According to Abdullah al-Arian, Georgetown University Assistant Professor of History, “one of Morsi's mistakes during his presidency was that he led people to assume that he'd taken the reigns of the state when in fact he hadn't. He was simply put in a position to give people the idea that a real revolution had occurred. The state, meanwhile, was very much in the hands of the same people as it was under Mubarak.”

Egyptian Kangaroo Court jails 65 Morsi supporters up to 10 years

 

Field Marshall el-Sisi’s sworn-in follows confirmation of harsh sentences by Egypt's top kangaroo court last month against 65 loyalists of the currently outlawed Muslim Brotherhood group over committing acts of violence in 2013 in the capital Cairo.

The jail terms were from seven to 10 years. The rulings of the Court of Cassation are final and un-appealable.

The convicts have been accused of holding illegal protests, committing acts of riots and violence that killed some citizens and attempted to kill others, storming public and private properties and other charges.

The pro-Brotherhood protests were held following the coup against the first democratically elected Egyptian President Mohamed Morsi in July 2013.

Hundreds of Brotherhood leaders, members and supporters, including Morsi himself and the group's top chief Mohamed Badie, are currently in jail. Many have received death sentences and life imprisonments over various charges varying from inciting violence and murder to espionage and jailbreak.

The former President Mohammad Morsi is currently serving a 20-year prison sentence over inciting deadly clashes between his supporters and opponents in late 2012 and a 25-year jail term over leaking classified documents to Qatar.

Since Morsi's ouster, Egypt has been facing a wave of attacks that have killed hundreds of policemen and soldiers as well as civilians.

Egyptian forces have killed hundreds of anti-government elements and arrested thousands during the country's so-called anti-terror war declared by Abdel-Fattah al-Sisi, the army chief who ousted President Morsi.

Abdel-Fattah el-Sisi was Army General when he led coup against Morsi, later he assumed the title of Field Marshall.

Egyptian judicial system has become a joke

Not surprisingly, in January this year CNN quoted an Egyptian attorney as saying that Egypt is using death sentences to settle scores.

Human rights advocates say the alarming numbers recorded by the Egyptian Coordination for Rights & Freedoms and the Initiative for Personal Rights are shocking -- but the stories behind them are even more harrowing, the CNN said adding:

What happened to four families from the northern city of Kafr el-Sheikh is a case in point.

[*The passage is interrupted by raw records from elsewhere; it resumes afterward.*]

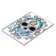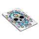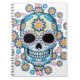 Sugar skull designed hues of blue and pink is surrounded by colourful flowers and hearts.
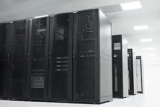 Rangées de baies contenant des serveurs web dans une salle dédiée en 2017.
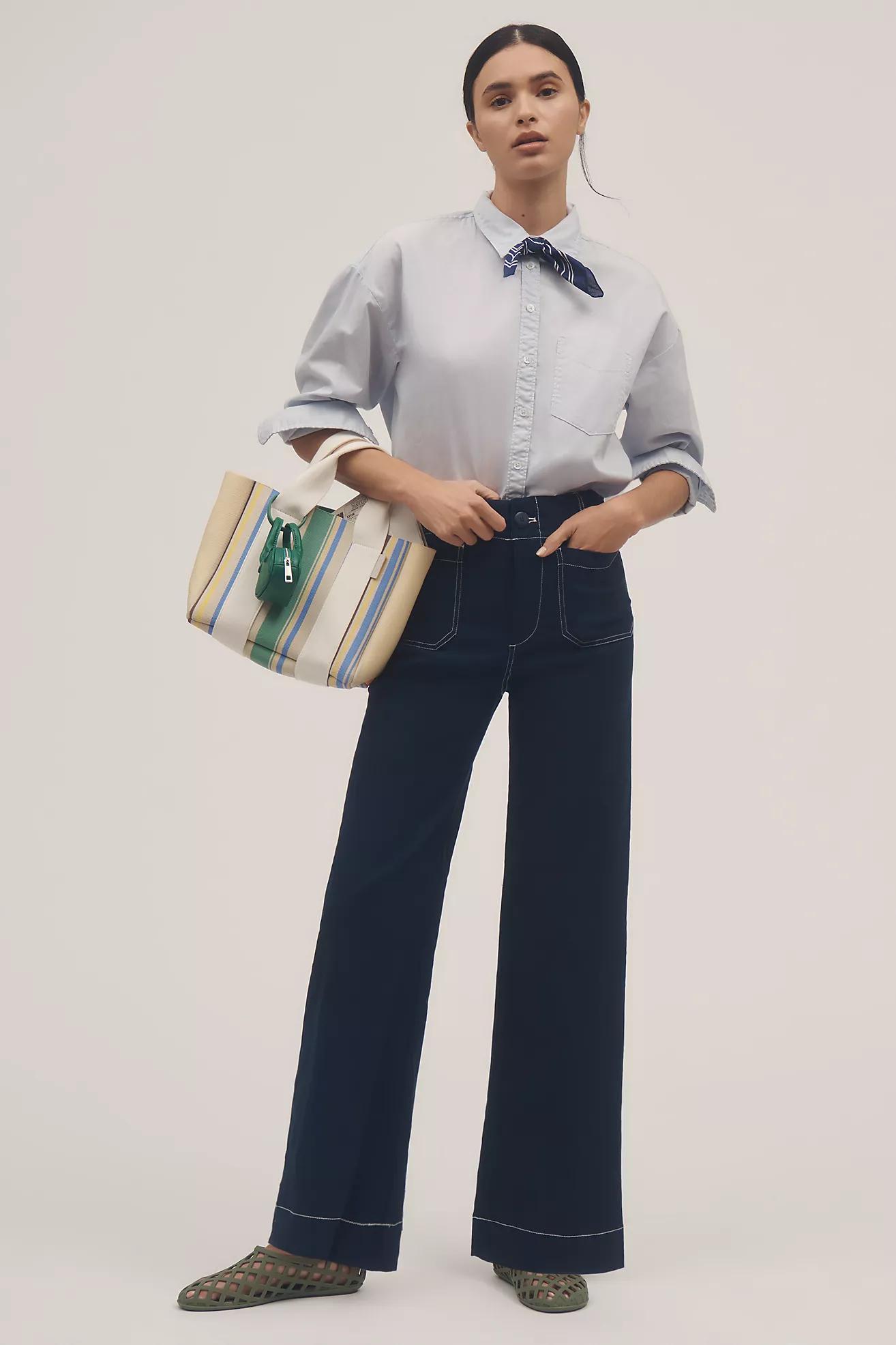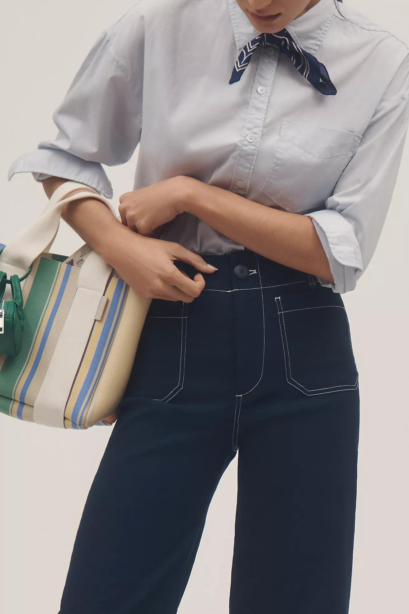 The Colette Contrast-Stitch Cropped Wide-Leg Pants by Maeve: Magic Fabric Edition
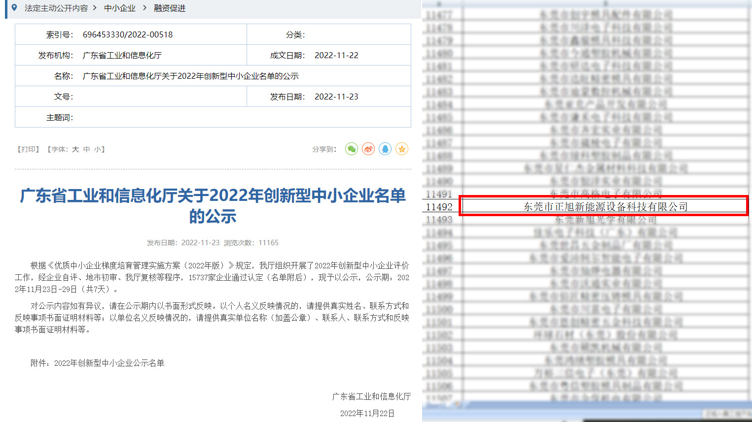 11月24日,廣東省工業(yè)和信息化廳官網(wǎng)發(fā)布了《關(guān)于2022年創(chuàng)新型中小企業(yè)名單的公示》,東莞市正旭新能源設(shè)備科技有限公司榮登其中。作為最早一批生產(chǎn)空氣源熱泵的制造業(yè)企業(yè),正旭多年來(lái)在熱泵行業(yè)的專(zhuān)注和創(chuàng)新有目共睹,此次入圍“2022創(chuàng)新型中小企業(yè)”公示名單,也算實(shí)至名歸、值得慶賀!
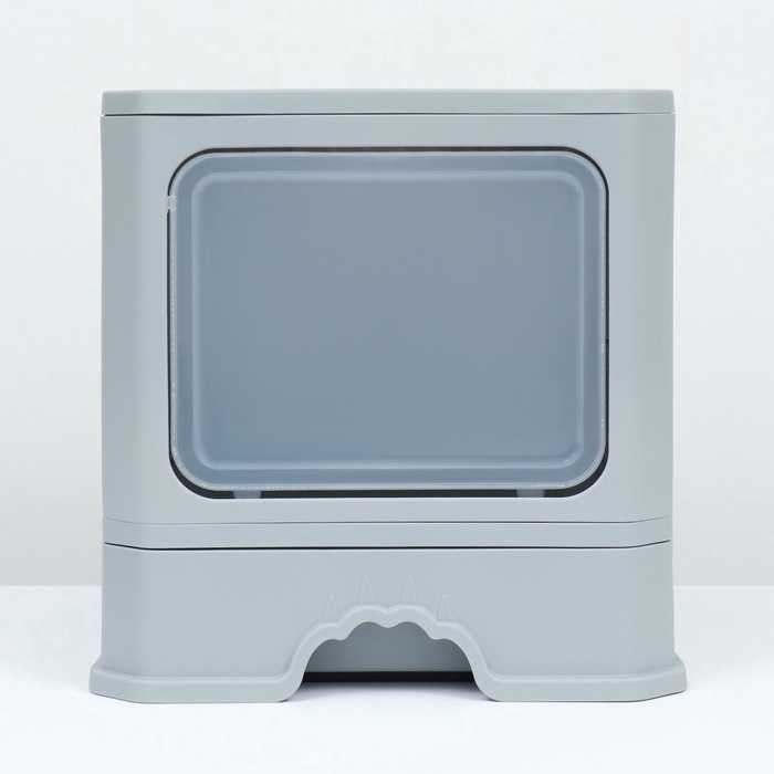 • Имеет двойной вход. Верхняя крышка с отсеком для выхода и с перфорацией – остатки наполнителя с лап питомца останутся на крышке лотка
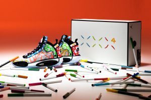 Phần upper được phủ một lớp vải lưới màu trắng với chất liệu tổng hợp công nghệ cao, mỗi mảnh bộ phần giày được viền bởi các đường màu đen dày tạo điểm nhấn. Những nét vẽ nguệch ngoạc của Noah được trải dài trên toàn bộ phần thân giày và xuất hiện với nhiều màu sắc rực rỡ: màu cam trên hộp ngón chân và phần bên hông, màu vàng ở phần giữa và xung quanh cản trước bàn chân, màu xanh lá cây trên cổ áo, màu xanh lam trên phần lỗ xỏ, màu tím trên lưỡi gà và cổ giày và màu đỏ tươi ở gót. Những điểm nhấn sáng sủa và những đường kẻ đen đậm này mang đến một cái nhìn hoạt hình gợi nhớ đến hình ảnh của chiếc Nike LeBron 6 “Stewie Griffin” PE cực hiếm của LeBron James .
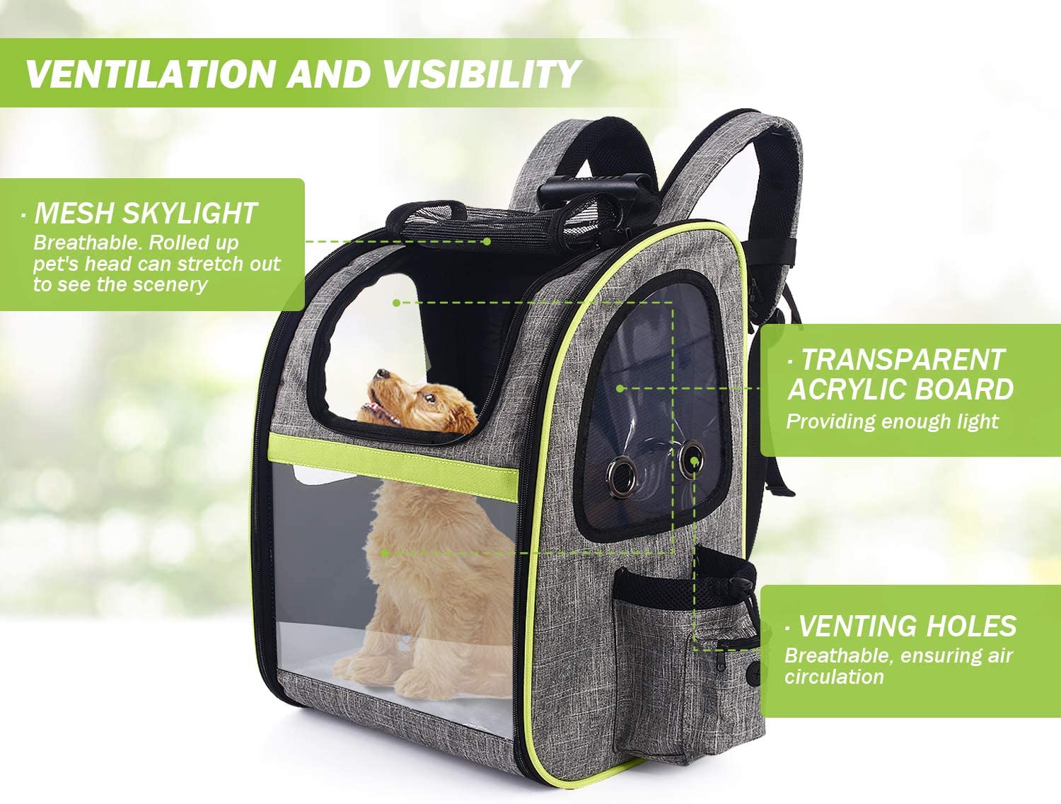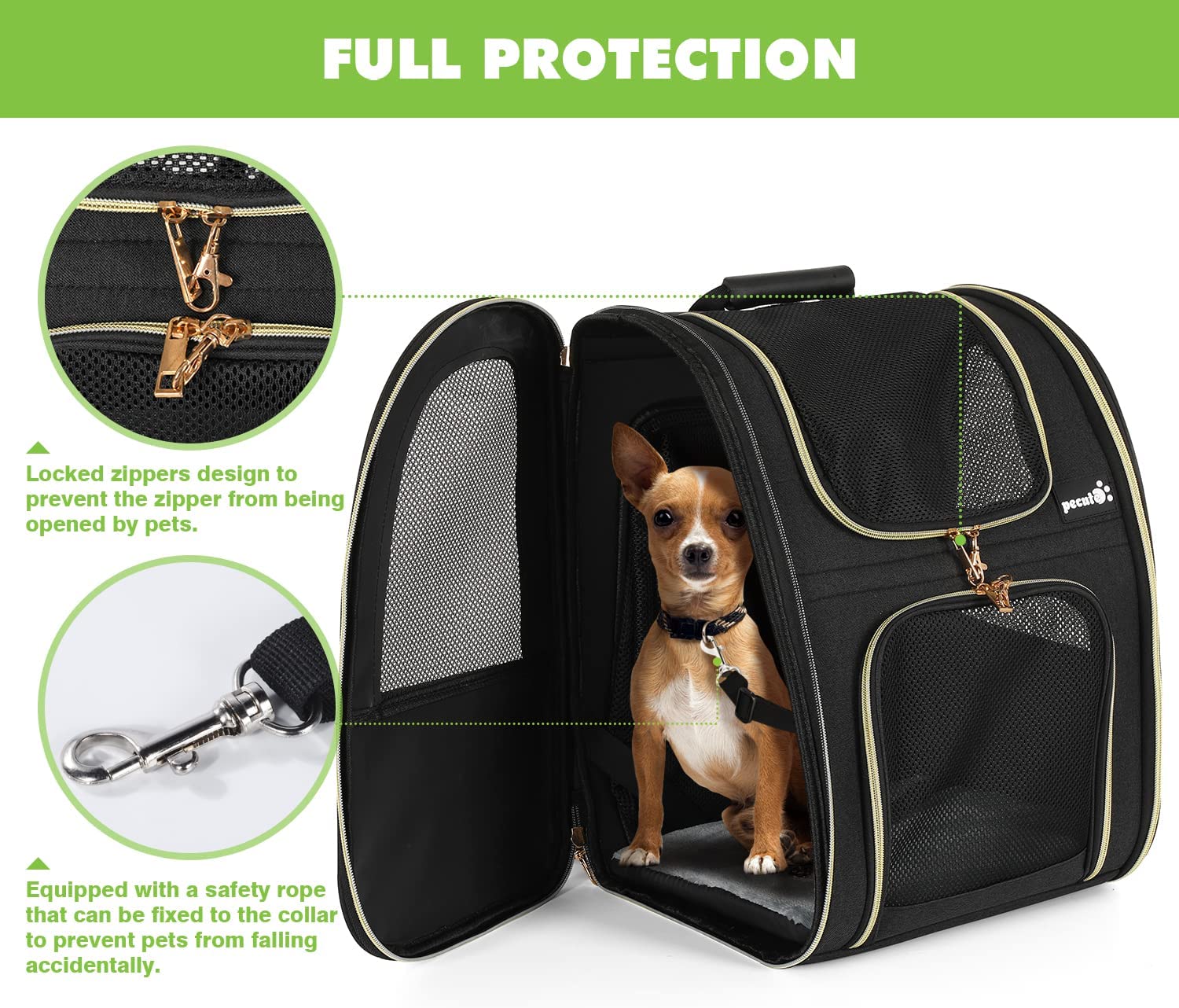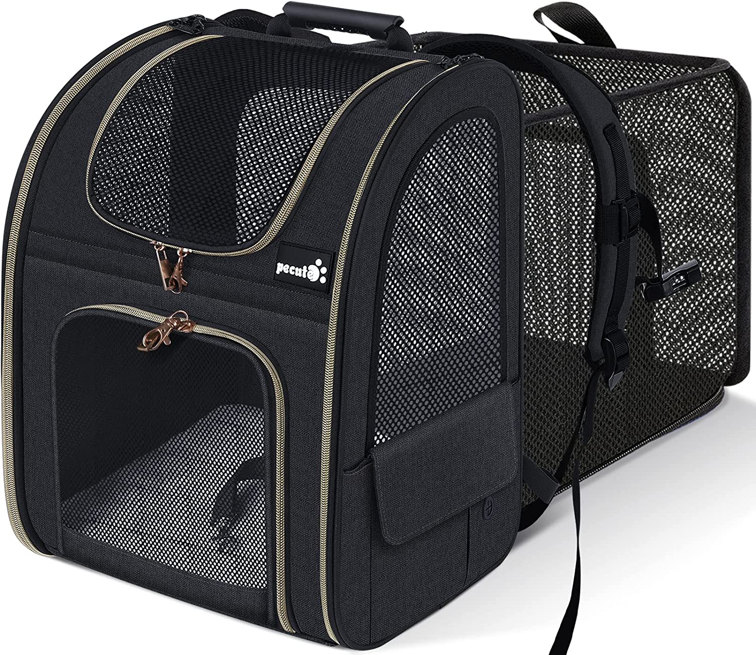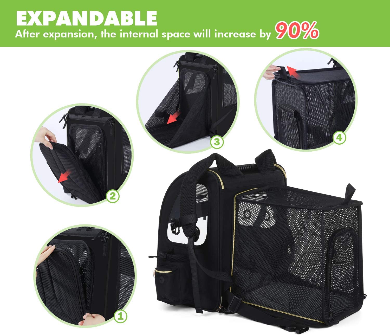 Pecute Pet Carrier Backpack, Dog Carrier Backpack, Expandable with Breathable Mesh for Small Dogs Cats Puppies, Pet Backpack Bag for Hiking Travel Camping Outdoor Hold Pets Up to 18 Lbs

After more than a year of campaigning to have their loved ones' death sentences commuted in a case clouded by allegations of flaws in Egypt's judicial system, they received phone calls directing them to collect their relatives' bodies early on January 2.

Tellingly, an Egyptian Kangaroo Court in February 2016 sentenced a four-year-old child to life imprisonment. The child, Ahmed Mansour Qurani Ali, was convicted on four counts of murder and eight counts of attempted murder. The Egyptian military admitted the mistake only after the story had already circled the globe.

To borrow Dr Mohamad Elmasry, an assistant professor in the Department of Communications at the University of North Alabama:

“The absurdity of the mass death sentences has cast grave doubt over the extent to which Egypt's judiciary is to be taken seriously, let alone considered independent. As Human Rights Watch's Sarah Leah Whitson noted: "Mass death sentences are fast losing Egypt's judiciary whatever reputation for independence it once had."

“The judiciary has also helped with a wider crackdown on liberal politicians and journalists considered threats to Egypt’s ruling regime. In 2014, Egypt's judiciary sentenced Al Jazeera journalists to prison after a trial that HRW said presented "zero evidence of wrongdoing". The judiciary has also upheld prison sentences and decisions to ban liberal groups and activists.

“Meanwhile, Egyptian judges have been easy on members of Egypt's deep state. They have acquitted Mubarak of murder and corruption charges; key Mubarak-era ministers of corruption charges; and police officers accused of killing protesters. In 2014, a court also annulled a sentence given to an officer convicted of killing 37 prisoners by suffocation.”